In April 2022, SVB parted ways with its chief risk officer of almost six years, Laura Izurieta. The bank said it “initiated discussions with Izurieta about a transfer” in early 2022 and that she stayed further to help with “transition-related tasks” until October. SVB did not disclose this until March 3, when a securities filing revealed that it did not hire a new chief risk officer until the end of December.
Izurieta did not respond to requests for comment.

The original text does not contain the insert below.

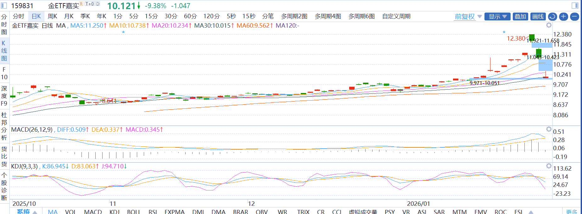 黄金板块(上海金ETF 159831):惨!上海金ETF今天跳空大跌8.85%,一举抹掉了今年绝大部分涨幅。均线多头形态被瞬间摧毁,MACD红柱转绿。J值跌回12.49,这种单边崩盘式下杀说明前期投机泡沫正在被暴力戳破。

As recently as July, Beck, the company’s chief financial officer, said on an earnings call that “we remain well positioned on the upside for higher interest rates.” But the pressure increased on SVB as interest rates rose faster than the company had anticipated.
When the company filed its quarterly report the following month, it revealed that its long-term securities — which account for about 45 percent of its total assets — had an unrealized loss of $11.2 billion, up dramatically from an unrealized loss of $1.3 billion dollar just six months earlier. Three months later, unrealized losses totaled nearly $16 billion.
To compound SVB’s problems, the bank paid higher interest rates to prevent customers from withdrawing their money while borrowing at higher interest rates.
At the end of 2022, SVB’s deposits cost the bank almost twice as much as the median among a group of peers, according to Moody’s.
Some on Wall Street noticed, too. Chris Kotowski, an analyst at Oppenheimer & Co., downgraded SVB’s stock from buy to hold last September after the bank indicated that its income from interest payments was under pressure.
“It just set off alarm bells for me,” Kotowski said.
With SVB’s earnings squeezed by higher deposit and borrowing costs, investors lowered their shares, prompting executives to air their views to Wall Street analysts.
JPMorgan Chase & Co. analysts hosted a webinar last November with Beck, SVB’s chief financial officer, who addressed investor concerns for nearly two hours, according to a research note the bank sent to clients. The analysts concluded that the decline in deposits was manageable and SVB had plenty of liquidity without having to sell securities at a loss “even if a worst-case scenario unfolds.” As recently as January, JPMorgan predicted a turnaround for SVB and advised clients to buy the stock.
A week before the bank failed, in its annual report to shareholders, SVB praised its top managers for one area of performance: managing risk.
Becker, the CEO, had shown “strong leadership for the continued evolution of risk management.” Beck, the CFO, was credited with “fostering a strong risk culture.”